Même si Nissan ne dévoile pas les changements apportés aux autres organes mécaniques, la tenue de cap des deux versions est plus stable tandis que l'essieu arrière semble moins affecté par le mauvais revêtement de la chaussée.

Surprise ! Une SE-R !

Si la tristounette Sentra ne se prête pas tellement à une version SE-R, c'est une toute autre chose pour l'Altima dont la silhouette, la plate-forme et le moteur semblent avoir été concoctés pour une telle version. Comme toute berline sport qui se respecte, la présentation extérieure est différente des modèles courants. Cette fois, les stylistes ont créé une présentation exclusive pour les parties avant et arrière en plus de placer un aileron monté sur le couvercle du coffre.

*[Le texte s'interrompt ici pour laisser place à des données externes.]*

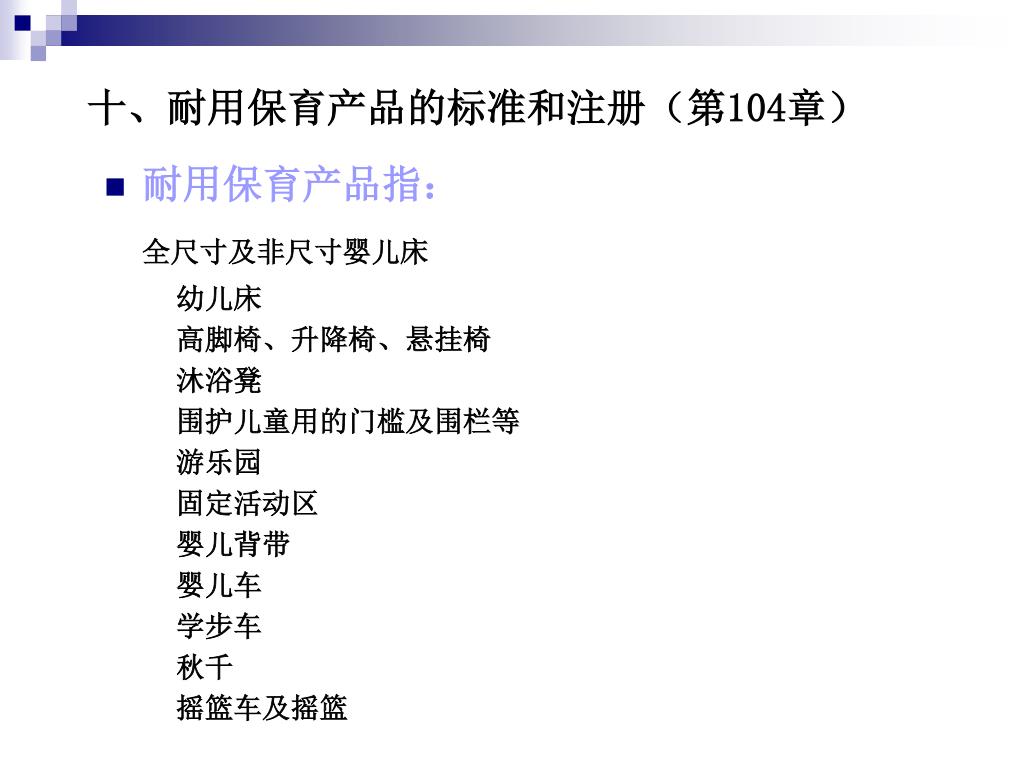 十、耐用保育产品的标准和注册(第104章) • 耐用保育产品指: 全尺寸及非尺寸婴儿床 幼儿床 高脚椅、升降椅、悬挂椅 沐浴凳 围护儿童用的门槛及围栏等 游乐园 固定活动区 婴儿背带 婴儿车 学步车 秋千 摇篮车及摇篮

L'utilisation de pièces en chrome foncé en plus des deux tuyaux d'échappement chromés constituent la signature visuelle de cette voiture.

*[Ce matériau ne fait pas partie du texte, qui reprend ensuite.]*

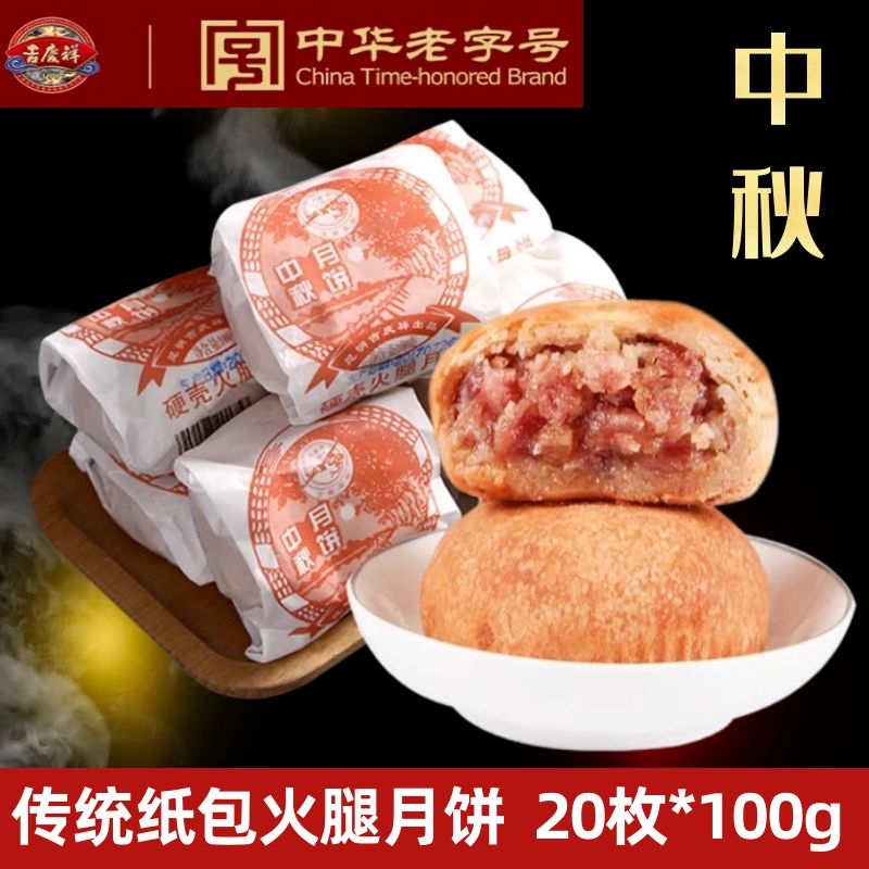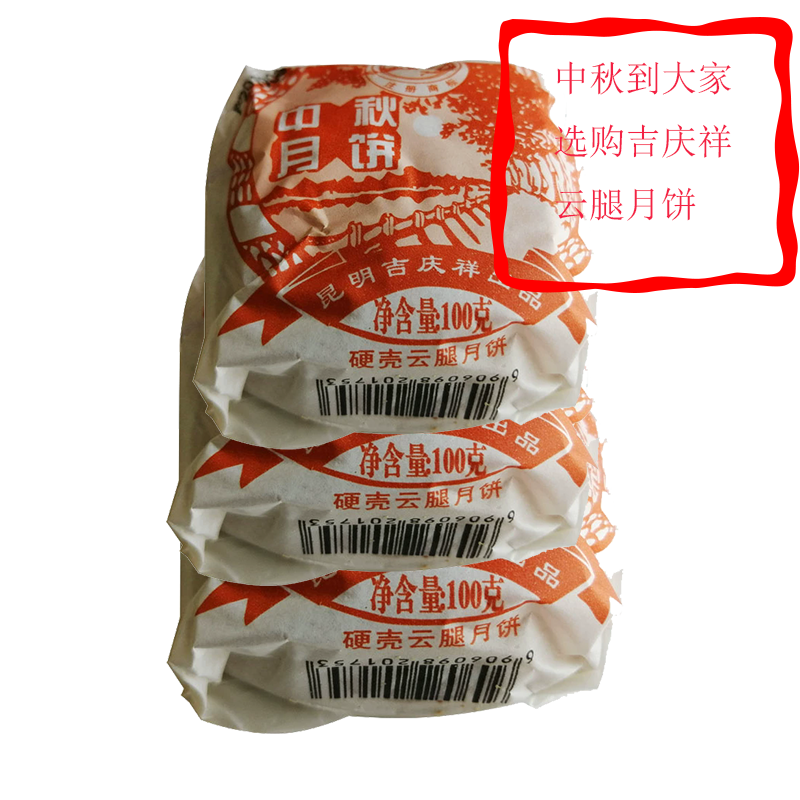 中华老字号昆明吉庆祥纸包云腿月饼100g云南硬壳火腿月饼滇式月饼

Au moment d'écrire ces lignes, la puissance du moteur V6 de 3,5 litres n'a pas encore été annoncée, mais il est certain qu'elle dépassera les 250 chevaux de la version régulière. L'acheteur pourra également choisir entre une boîte manuelle à six rapports ou une automatique à cinq rapports. Et pour transmettre cette puissance au bitume, les ingénieurs ont fait appel à toutes les astuces habituelles en utilisant des amortisseurs plus fermes, des jantes de 18 pouces, des pneus d'été à profil bas de cote de vitesse « W ».

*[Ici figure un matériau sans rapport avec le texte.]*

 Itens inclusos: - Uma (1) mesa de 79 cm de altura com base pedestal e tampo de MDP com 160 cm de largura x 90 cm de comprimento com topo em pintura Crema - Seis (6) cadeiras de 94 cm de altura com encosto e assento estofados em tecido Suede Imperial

Compte tenu des problèmes antérieurs de l'Altima en fait d'intégrité de caisse, nous sommes en droit de nous interroger sur ce qui se passera sur cette version en raison d'un train roulant plus rigide que précédemment, et de pneus à profil bas transmettant presque directement les imperfections de la chaussée à la caisse. Nous saurons au cours des mois à venir quelle aura été l'étendue des modifications apportées à la plate-forme et à la carrosserie.

En attendant, il faut admettre que les ingénieurs de Nissan ont effectué du bon travail afin de remettre cette berline au goût du jour et de corriger les principaux défauts de jeunesse.